Source information START
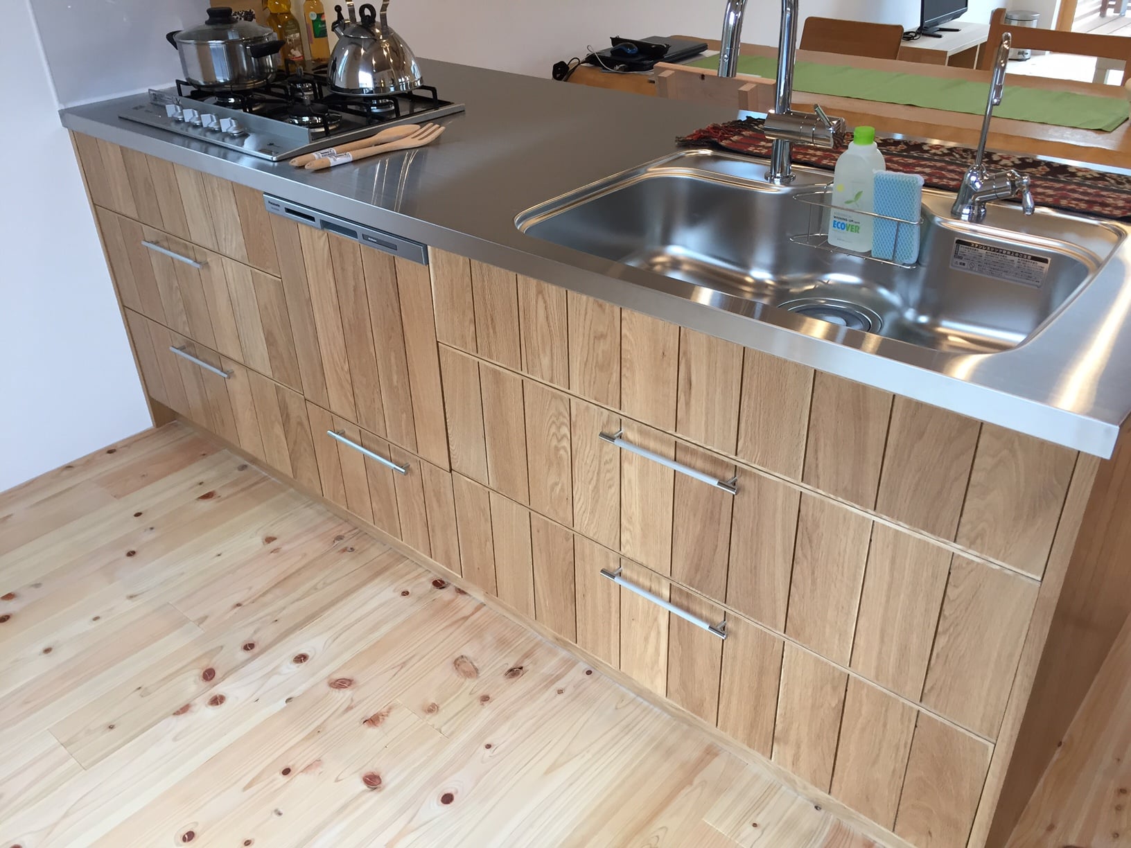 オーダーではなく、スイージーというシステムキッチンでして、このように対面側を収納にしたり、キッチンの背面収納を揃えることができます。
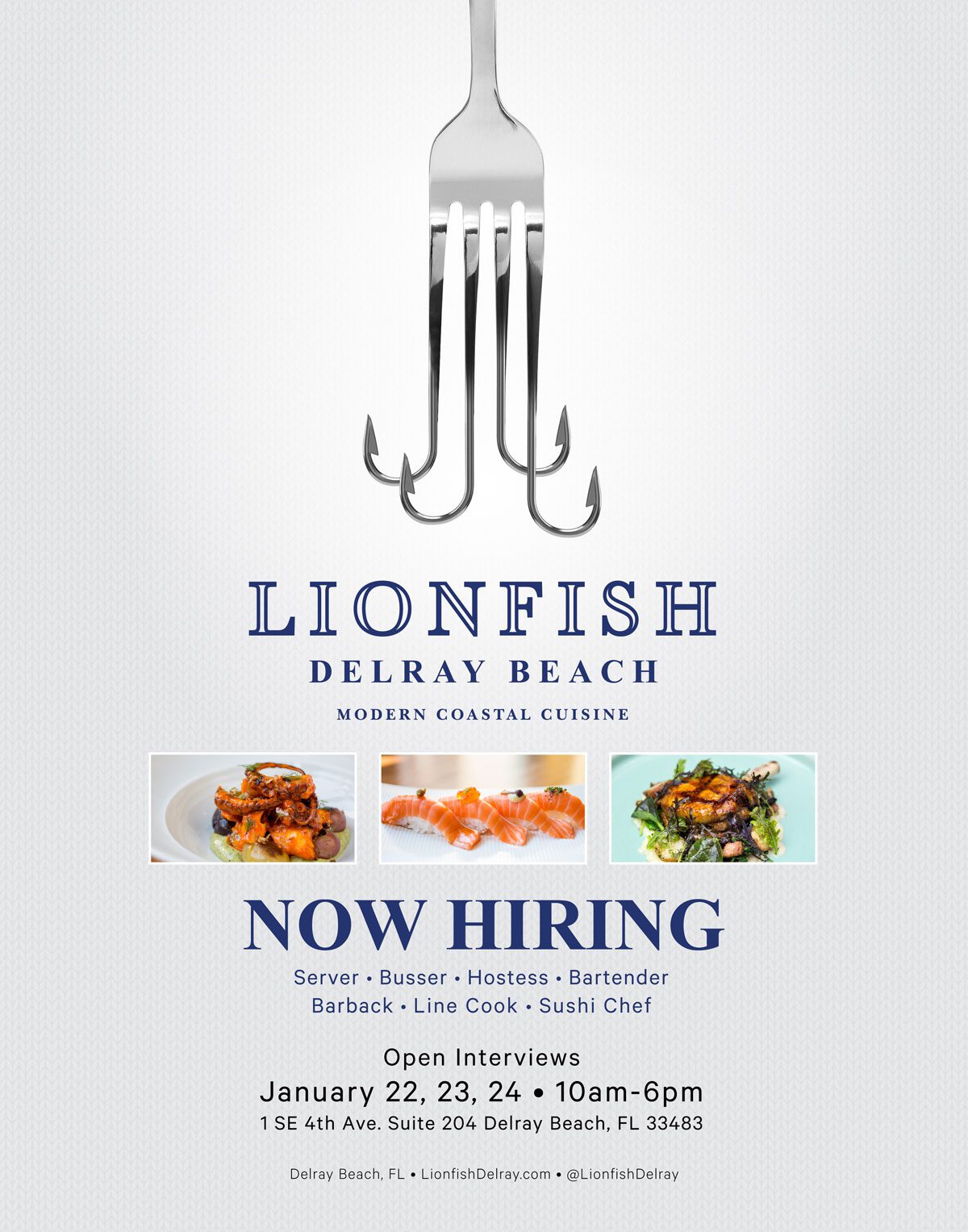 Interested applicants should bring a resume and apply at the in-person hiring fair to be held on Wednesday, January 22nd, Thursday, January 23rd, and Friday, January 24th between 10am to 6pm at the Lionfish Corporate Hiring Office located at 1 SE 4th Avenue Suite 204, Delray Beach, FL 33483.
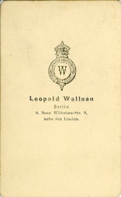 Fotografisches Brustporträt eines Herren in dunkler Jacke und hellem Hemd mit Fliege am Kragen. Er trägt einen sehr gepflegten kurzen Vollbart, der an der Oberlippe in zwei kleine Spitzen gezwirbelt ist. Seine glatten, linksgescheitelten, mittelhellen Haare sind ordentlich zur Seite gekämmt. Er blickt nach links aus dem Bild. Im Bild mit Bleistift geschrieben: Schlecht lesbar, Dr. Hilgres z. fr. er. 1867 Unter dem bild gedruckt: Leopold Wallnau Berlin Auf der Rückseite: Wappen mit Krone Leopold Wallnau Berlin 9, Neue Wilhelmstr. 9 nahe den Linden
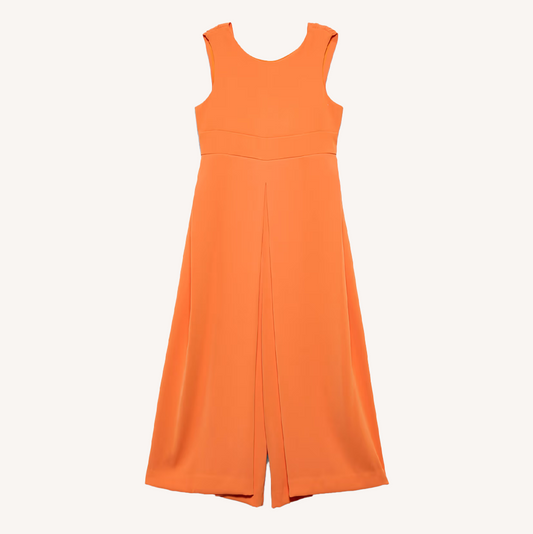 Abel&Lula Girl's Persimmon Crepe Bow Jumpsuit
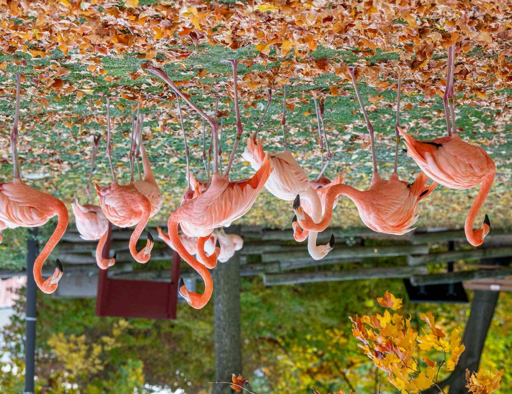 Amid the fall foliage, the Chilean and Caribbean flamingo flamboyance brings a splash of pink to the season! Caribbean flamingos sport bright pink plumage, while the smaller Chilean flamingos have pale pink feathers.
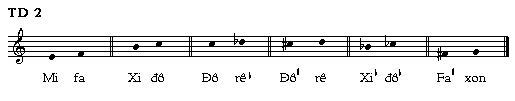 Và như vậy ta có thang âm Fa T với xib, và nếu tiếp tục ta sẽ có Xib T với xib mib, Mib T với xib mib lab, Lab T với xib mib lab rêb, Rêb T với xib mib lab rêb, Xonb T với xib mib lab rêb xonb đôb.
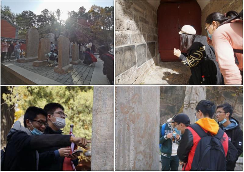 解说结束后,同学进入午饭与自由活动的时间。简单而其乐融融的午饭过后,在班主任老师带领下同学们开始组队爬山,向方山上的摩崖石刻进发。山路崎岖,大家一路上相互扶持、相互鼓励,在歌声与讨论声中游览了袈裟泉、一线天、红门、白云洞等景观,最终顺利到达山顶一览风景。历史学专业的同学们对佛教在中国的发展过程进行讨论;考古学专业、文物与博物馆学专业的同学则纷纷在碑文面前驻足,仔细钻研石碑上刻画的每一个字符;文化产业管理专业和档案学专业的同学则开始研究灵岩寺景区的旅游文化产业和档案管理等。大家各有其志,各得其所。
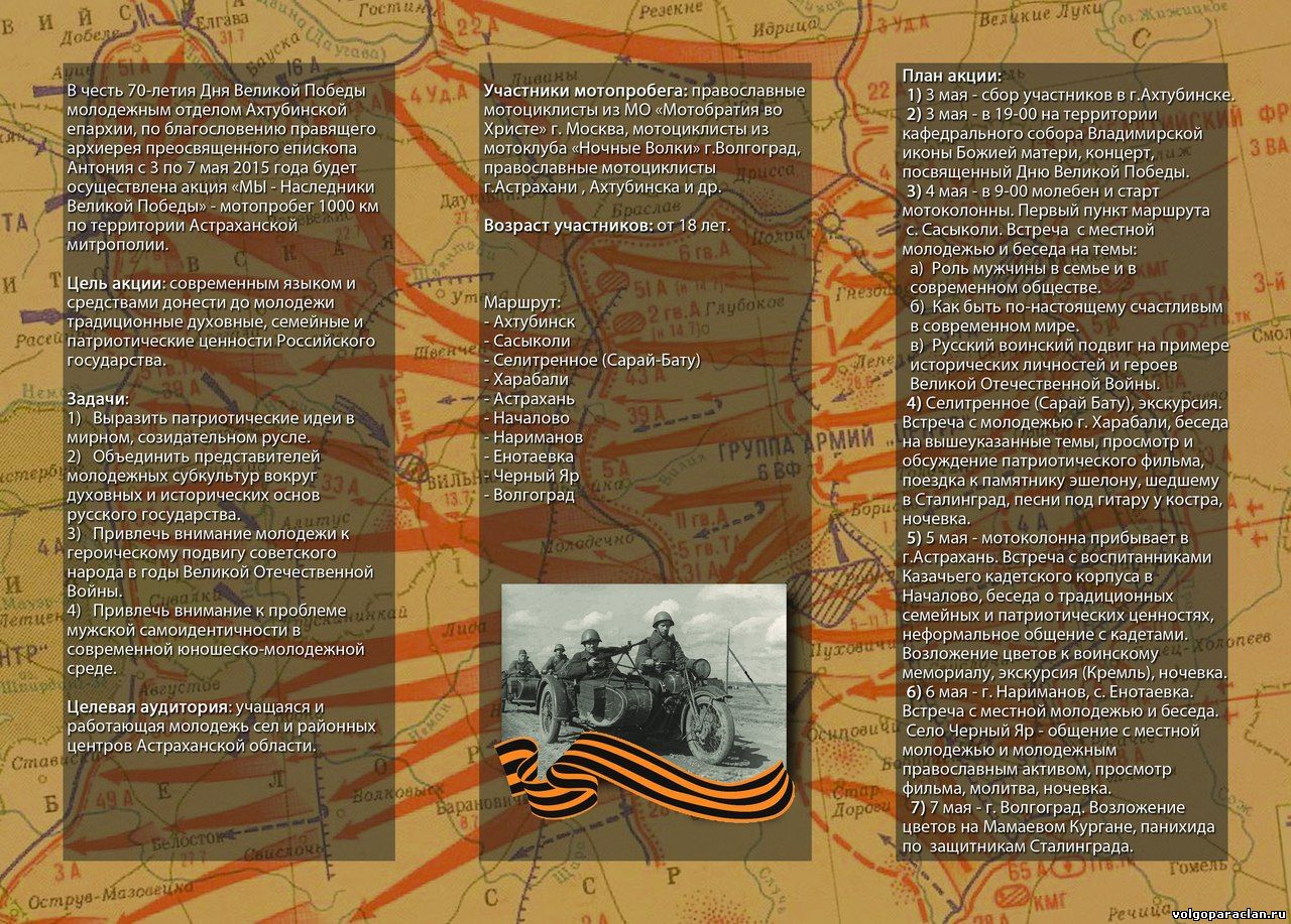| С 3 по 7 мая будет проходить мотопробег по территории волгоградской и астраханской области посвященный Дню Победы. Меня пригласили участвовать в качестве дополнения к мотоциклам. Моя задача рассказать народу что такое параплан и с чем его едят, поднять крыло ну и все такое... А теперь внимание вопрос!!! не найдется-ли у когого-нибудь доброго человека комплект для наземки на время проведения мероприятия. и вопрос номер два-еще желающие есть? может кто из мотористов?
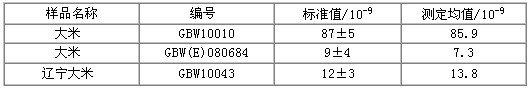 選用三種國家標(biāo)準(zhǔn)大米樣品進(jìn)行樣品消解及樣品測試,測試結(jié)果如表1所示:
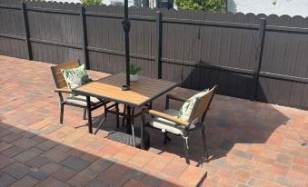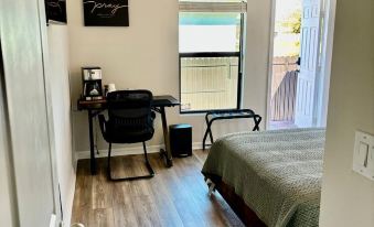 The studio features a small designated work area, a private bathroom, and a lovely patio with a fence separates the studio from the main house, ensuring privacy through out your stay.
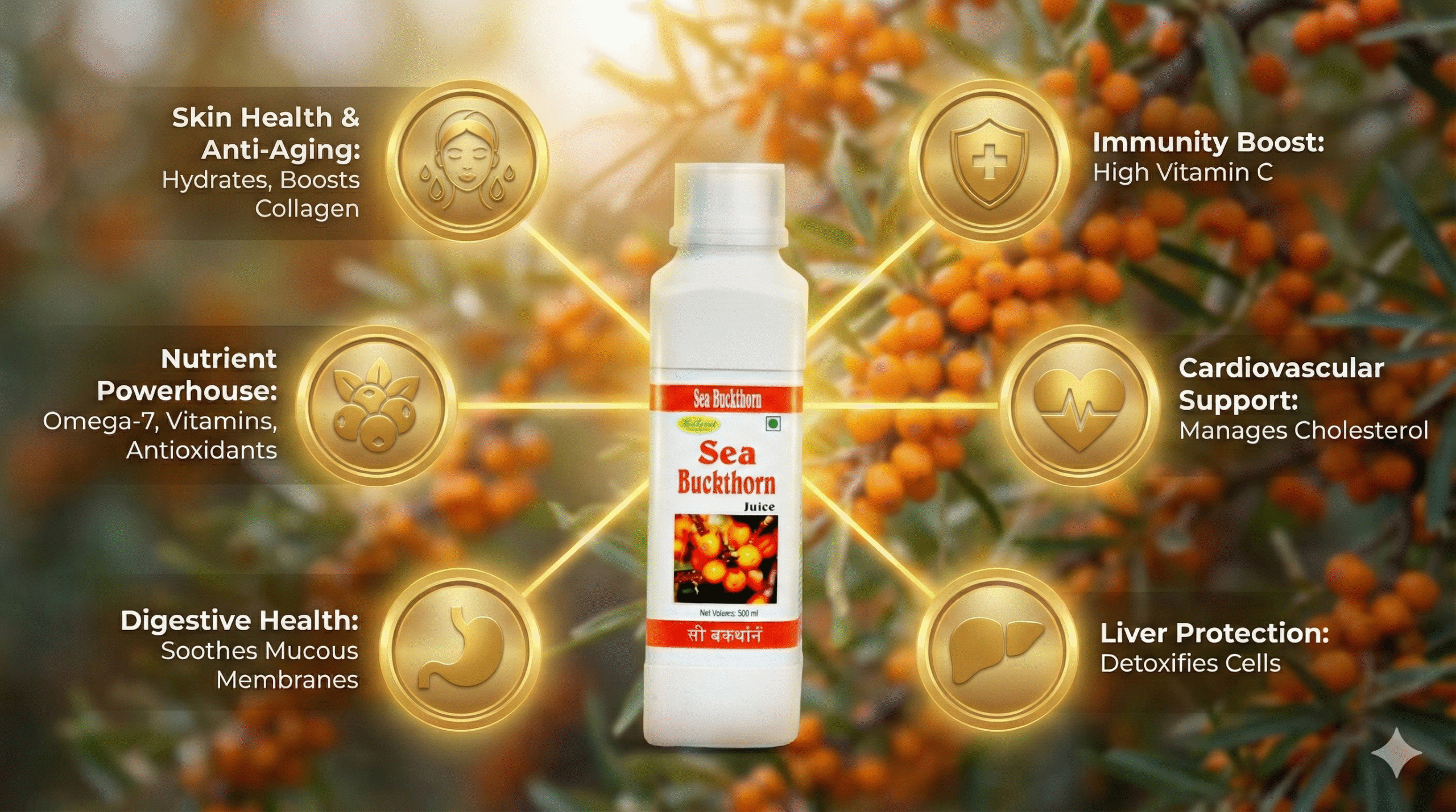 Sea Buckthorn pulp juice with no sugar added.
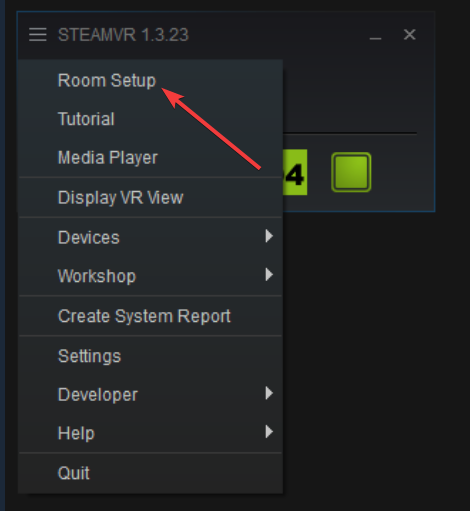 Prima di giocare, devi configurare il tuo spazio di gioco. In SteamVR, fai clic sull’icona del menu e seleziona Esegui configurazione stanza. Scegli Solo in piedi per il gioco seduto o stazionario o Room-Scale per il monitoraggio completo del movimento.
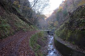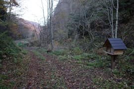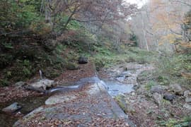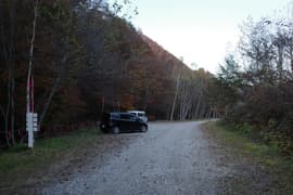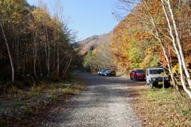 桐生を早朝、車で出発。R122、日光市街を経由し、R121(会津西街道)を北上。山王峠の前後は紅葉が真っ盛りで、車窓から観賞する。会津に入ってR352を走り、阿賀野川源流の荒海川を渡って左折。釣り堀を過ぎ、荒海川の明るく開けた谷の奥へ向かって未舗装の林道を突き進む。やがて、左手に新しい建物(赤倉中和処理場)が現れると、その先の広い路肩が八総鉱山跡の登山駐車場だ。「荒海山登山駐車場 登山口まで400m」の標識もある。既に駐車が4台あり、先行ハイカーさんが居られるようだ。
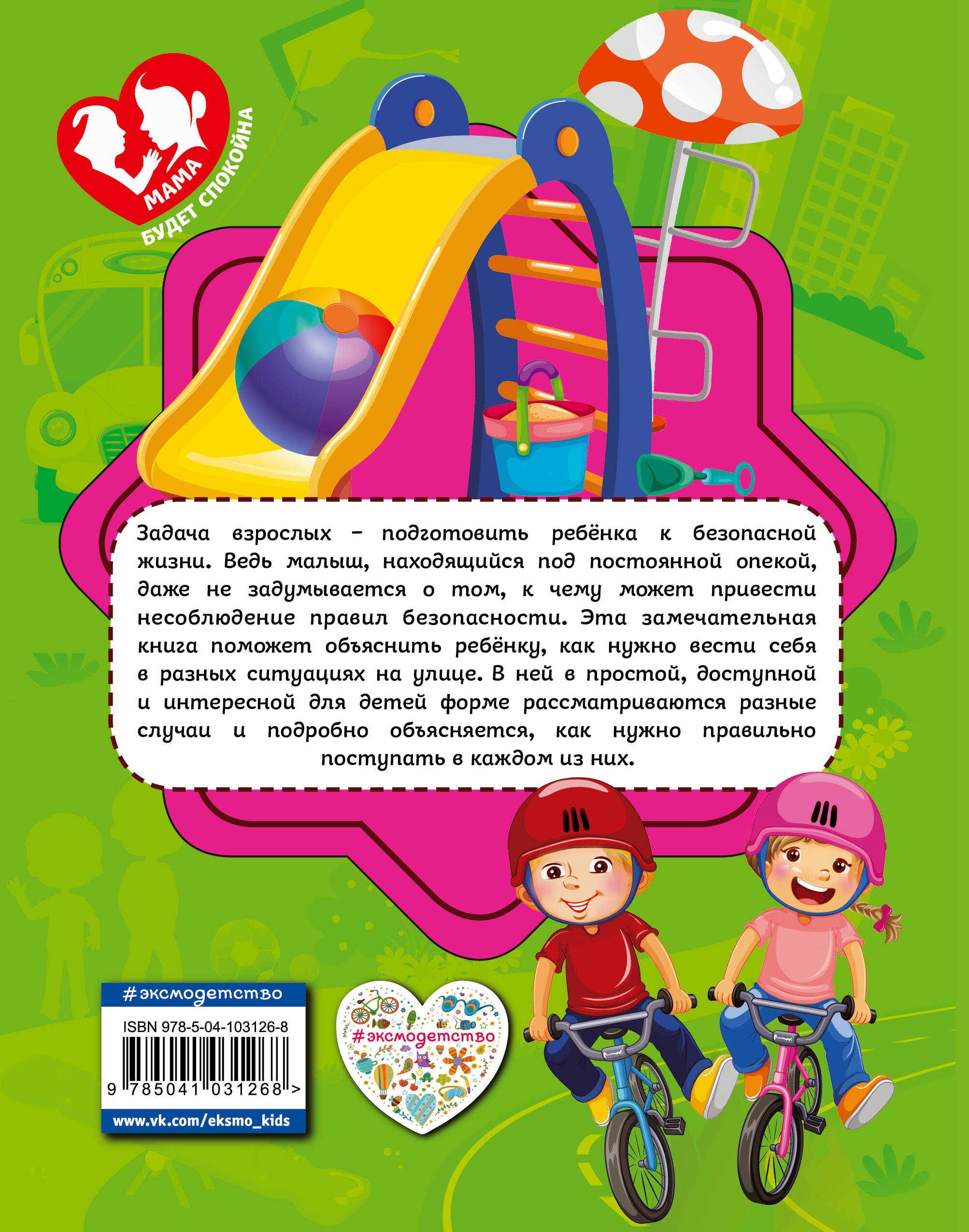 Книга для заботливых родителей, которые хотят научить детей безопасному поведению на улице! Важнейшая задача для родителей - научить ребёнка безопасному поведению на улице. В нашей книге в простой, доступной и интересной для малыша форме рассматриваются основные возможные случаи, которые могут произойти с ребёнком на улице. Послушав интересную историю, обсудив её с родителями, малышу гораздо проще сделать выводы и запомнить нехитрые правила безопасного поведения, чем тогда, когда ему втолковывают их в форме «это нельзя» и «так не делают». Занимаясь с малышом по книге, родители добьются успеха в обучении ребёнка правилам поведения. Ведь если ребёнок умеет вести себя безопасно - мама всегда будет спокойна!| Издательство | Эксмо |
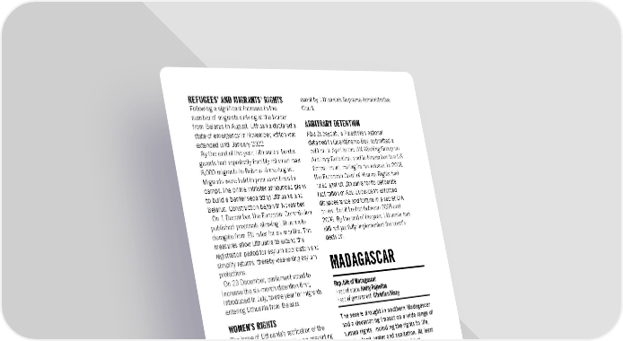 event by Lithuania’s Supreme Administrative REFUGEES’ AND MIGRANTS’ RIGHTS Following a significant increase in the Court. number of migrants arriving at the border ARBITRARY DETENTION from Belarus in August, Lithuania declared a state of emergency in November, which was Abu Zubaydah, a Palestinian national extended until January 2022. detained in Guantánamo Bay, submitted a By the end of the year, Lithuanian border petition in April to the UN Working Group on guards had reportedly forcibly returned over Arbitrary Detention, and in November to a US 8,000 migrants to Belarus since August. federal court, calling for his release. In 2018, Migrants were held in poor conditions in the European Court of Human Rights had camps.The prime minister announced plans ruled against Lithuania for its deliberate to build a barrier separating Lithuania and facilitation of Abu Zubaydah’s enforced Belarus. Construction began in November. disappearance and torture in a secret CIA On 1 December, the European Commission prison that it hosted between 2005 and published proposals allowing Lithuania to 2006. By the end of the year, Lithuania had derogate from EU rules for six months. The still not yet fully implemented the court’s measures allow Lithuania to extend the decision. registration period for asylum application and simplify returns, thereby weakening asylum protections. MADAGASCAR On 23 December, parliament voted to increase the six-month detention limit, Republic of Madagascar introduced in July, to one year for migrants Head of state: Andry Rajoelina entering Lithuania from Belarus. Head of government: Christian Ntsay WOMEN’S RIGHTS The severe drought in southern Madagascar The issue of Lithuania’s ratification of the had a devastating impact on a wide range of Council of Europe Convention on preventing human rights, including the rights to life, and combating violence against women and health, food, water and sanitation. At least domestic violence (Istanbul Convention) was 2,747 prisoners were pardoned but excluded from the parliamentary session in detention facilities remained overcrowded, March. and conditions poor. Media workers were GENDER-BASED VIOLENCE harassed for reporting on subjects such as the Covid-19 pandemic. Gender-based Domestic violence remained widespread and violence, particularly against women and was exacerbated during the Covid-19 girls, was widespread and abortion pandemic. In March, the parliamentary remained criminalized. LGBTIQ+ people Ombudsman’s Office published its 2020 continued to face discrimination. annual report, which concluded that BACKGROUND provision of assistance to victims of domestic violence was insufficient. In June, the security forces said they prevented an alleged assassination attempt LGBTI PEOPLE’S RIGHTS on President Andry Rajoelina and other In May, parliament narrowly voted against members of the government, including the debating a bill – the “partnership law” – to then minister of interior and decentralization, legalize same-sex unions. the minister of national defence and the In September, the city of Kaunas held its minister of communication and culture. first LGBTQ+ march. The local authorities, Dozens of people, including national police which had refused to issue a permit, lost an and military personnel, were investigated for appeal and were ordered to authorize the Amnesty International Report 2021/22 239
Source information END
Task instructions – Pictures should not appear; only the lines from the start of the listing above to the line containing "Interested applicants should", both ends included, are to be repeated exactly.

Result of this exercise –
 オーダーではなく、スイージーというシステムキッチンでして、このように対面側を収納にしたり、キッチンの背面収納を揃えることができます。
 Interested applicants should bring a resume and apply at the in-person hiring fair to be held on Wednesday, January 22nd, Thursday, January 23rd, and Friday, January 24th between 10am to 6pm at the Lionfish Corporate Hiring Office located at 1 SE 4th Avenue Suite 204, Delray Beach, FL 33483.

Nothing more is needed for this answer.